Java Search API

The TokenSearch class in the org.jqurantree.search package allows searches to be performed against the orthography model. It is possible to search for tokens using an exact string match, or a substring search can be performed which will look for text within a token. The TokenSearch class is used by performing the following steps:

Step 1.	Initiate a new TokenSearch instance by specifying which encoding type to use, e.g. Buckwalter transliteration, or Unicode. All string comparisons will be performed using the specified encoding type.
Step 2.	Define the search criteria through calls to findToken() and findSubstring().
Step 3.	Run the search by calling the getResults() method.

The findToken() and findSubstring() methods add to the list of search criteria, and each take as parameter a string in the specified encoding. The difference between the two methods is that findToken() will list all tokens matching the string parameter exactly, whereas findSubstring() will list all tokens containing the text parameter as a substring. After performing the search, the getResults() method returns an analysis table with 4 columns:

- The chapter number.
- The verse number.
- The token number.
- The token's text in the specified encoding.

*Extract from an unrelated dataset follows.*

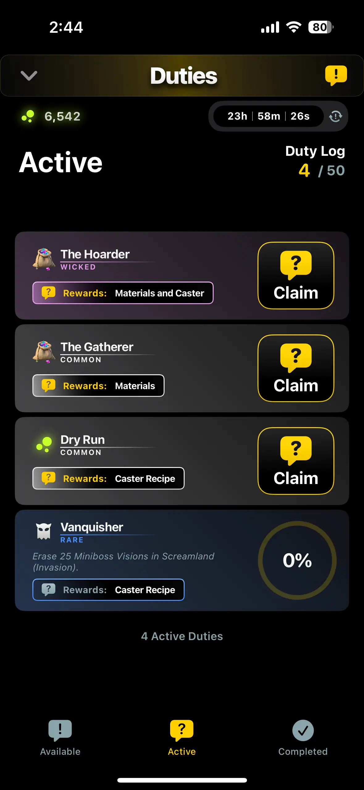 Once a Duty is completed, a banner will display in-game, and the Duty can be completed back in the Duties screen under the Active tab. Once Completed, the Duty will move to the Completion log for historical reference and applicable rewards will be given to you.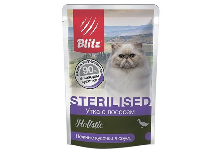 Blitz Holistic Sterilised Duck Паучи Блиц для Стерилизованных кошек Утка с лососем кусочки в соусе (цена за упаковку) 85г х 24шт

The returned analysis table will list all matching tokens together with their location. The search criteria are combined using a Boolean OR, so that if any of the search criteria match, the token will be listed.

Searching without Diacritics

The SearchOptions enumeration can be used to perform a search that is not sensitive to diacritics. When constructing a new TokenSearch instance, SearchOptions.RemoveDiacritics can be specified:

TokenSearch search = new TokenSearch(
    EncodingType.Buckwalter, SearchOptions.RemoveDiacritics);

Example

The token search example contains a Java program which uses the search API to perform both exact string matches and substring matches.